2.1 Background: the EM algorithm

MLE of finite mixture distributions is usually carried out by means of the EM algorithm (Dempster et al. 1977; McLachlan and Krishnan 2008). Let \(f({\varvec{x}};\varvec{\theta })\) and \(\ell (\varvec{\theta })\) be the observed density and log-likelihood function respectively, with \(\varvec{\theta }\in \varvec{\Theta }\) a vector of parameters. Let \({\varvec{z}}\) be the missing data vector, and \({\varvec{v}}=({\varvec{x}}',{\varvec{z}}')'\) be the complete data, with density and complete log-likelihood denoted by \(g_c({\varvec{v}};\varvec{\theta })\) and \(\ell _c(\varvec{\theta })\) respectively. In a mixture setup, the missing data are the indicator variables of population membership, denoted by \(z_{ij}=\mathbbm {1}_{\{x_i\in P_j\}}\), where \(\mathbbm {1}_A\) is the indicator function of the set A and \(P_j\) is the j-th population. At the t-th iteration, the algorithm iterates two main steps.

E-step Compute the conditional expectation of \(\ell _c(\varvec{\theta })\), given the current value of \(\varvec{\theta }\) and the observed sample \({\varvec{x}}\):

$$\begin{aligned} Q(\varvec{\theta };\varvec{\theta }^{(t)}){\mathop {=}\limits ^{\text {def}}}\text {E}_{\varvec{\theta }^{(t)}}\{\ell _c(\varvec{\theta })|{\varvec{x}}\}. \end{aligned}$$
(3)

M-step Maximize, with respect to \(\varvec{\theta }\), the conditional expectation of \(\ell _c(\varvec{\theta })\) provided by the E-step:

$$\begin{aligned} \varvec{\theta }^{(t+1)}={{\,\mathrm{arg\,max}\,}}_{\varvec{\theta }} Q(\varvec{\theta };\varvec{\theta }^{(t)}). \end{aligned}$$
(4)

The procedure is then repeated, i.e. (3) and (4) are recomputed using \(\varvec{\theta }^{(t+1)}\) in place of \(\varvec{\theta }^{(t)}\) until some convergence criterion is met.

The EM algorithm monotonically increases the observed likelihood at each iteration; moreover, under regularity conditions (Wu 1983), it converges to a stationary point and the estimators are asymptotically efficient.

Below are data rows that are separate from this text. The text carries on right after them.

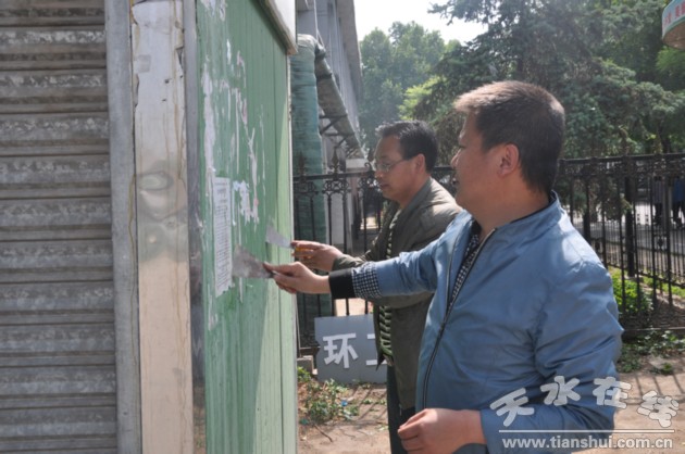 此次衛(wèi)生整治活動,主要對轄區(qū)主次干道兩側(cè)垃圾死角、小廣告、綠化帶雜草及垃圾進行清理,重點對伏羲文化旅游節(jié)祭祀活動的主要路徑女媧路沿線小區(qū)墻體、電桿上的小廣告、亂涂亂畫及沿線建筑、生活垃圾、餐館傾倒路面的油漬,集中人員、集中時間、集中力量進行全面清掃;顒又校腥四苗P子鏟除墻體、電線桿上的小廣告,有人用石灰水、涂料、水泥漿粉刷墻面的“牛皮癬”,有人用鐵鍬鏟除綠化帶里的雜草,參加整治活動的干部群眾組織到位、分工明確、積極主動,整個活動規(guī)范有序進行。
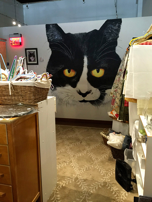 But sometimes something happens to make me fully realize the true extent of my cat lady-ness, like this afternoon when I was walking around downtown Petaluma with my family taking pics of every cat-related thing I saw.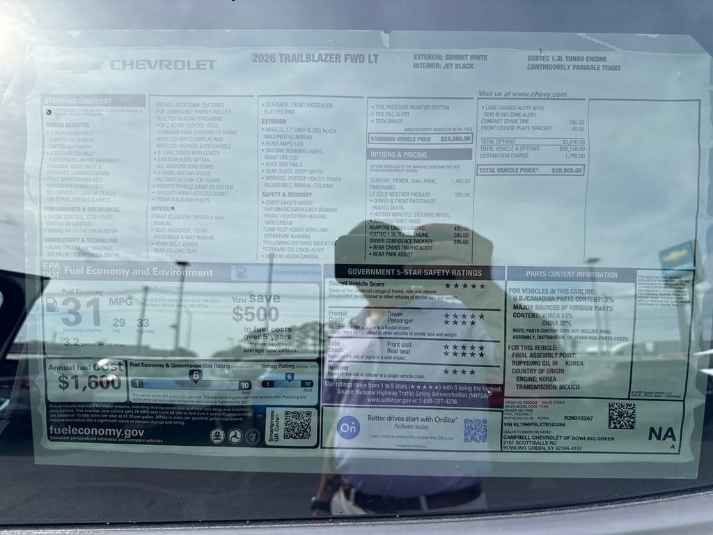 2026 Chevrolet TrailBlazer LT Summit White AWD 9-Speed Automatic 1.3L I3 Turbocharged DOHC 12V LEV3-SULEV30 155hp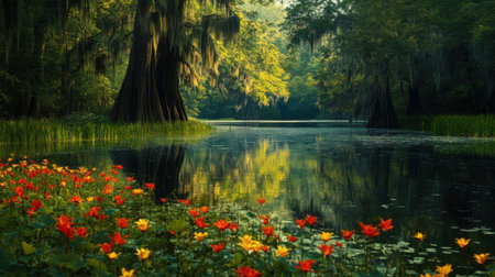 Lush greenery and colorful flowers frame the tranquil waters of the bayous in Cajun. Sunlight filters through the trees, illuminating the peaceful landscape.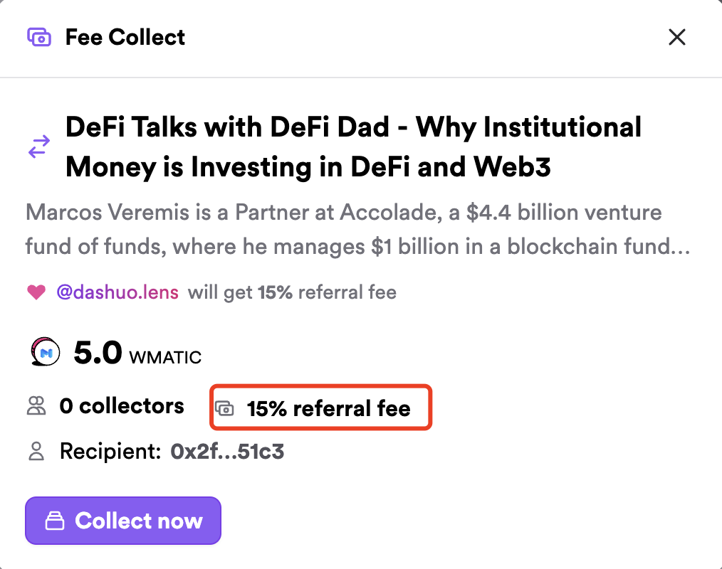 在Lenster上发布帖子可以选择可访问对象(关注的人、被关注的人、朋友的朋友以及所有人),也可以根据需要开放是否可被其他用户收藏的选项,还可以对帖子收藏者设置收藏费用。Lenster也上线了内容分销,如果有用户通过你的转发去付费收藏某条帖子,你也将获得分成。目前默认值为15%。

The choice of starting values for the EM algorithm is a long-standing problem. Even in the most studied case, i.e. normal mixture estimation, there is no optimal technique (Biernacki et al. 2003; McLachlan and Krishnan 2008). As for our setup, in the known-threshold case there are “obvious” choices for all parameters: assuming that the observations are ordered in ascending order, let \(n_{logn}=\#\{x_i:x_i<x_{min}\}\) and \(n_{x_{min}}=n-n_{logn}\). Then we set

$$\begin{aligned} \pi ^{(0)}= & {} n_{logn}/n; \quad \mu ^{(0)}=\frac{1}{n_{logn}}\sum _{i=1}^{n_{logn}}\log (x_i); \\ \psi ^{(0)}= & {} \frac{1}{n_{logn}}\sum _{i=1}^{n_{logn}}\log (x_i)^2-(\mu ^{(0)})^2; \quad \alpha ^{(0)}=\frac{n_{x_{min}}}{\sum _{i=n_{logn}+1}^n \log (x_i/x_{min})}, \end{aligned}$$

where \(\psi {\mathop {=}\limits ^{\text {def}}}\sigma ^2\). It is readily seen that these initial values are the MLEs under the assumption of complete separation of the two populations. Clearly, this is in general not true, but in most cases yields a good approximation of the true values. Since the algorithm may converge to a global or local maximizer, or to a saddle point, in practice it is recommended to use different initializations and keep track of the maximized value of the likelihood function (McLachlan and Krishnan 2008, Chap. 3). In the present case, we know in advance that \(\mu ^{(0)}\le \mu \) and \(\psi ^{(0)}\le \psi \), with equality only for completely separated populations. Hence, in these two cases, different starting values are always computed using positive random perturbations.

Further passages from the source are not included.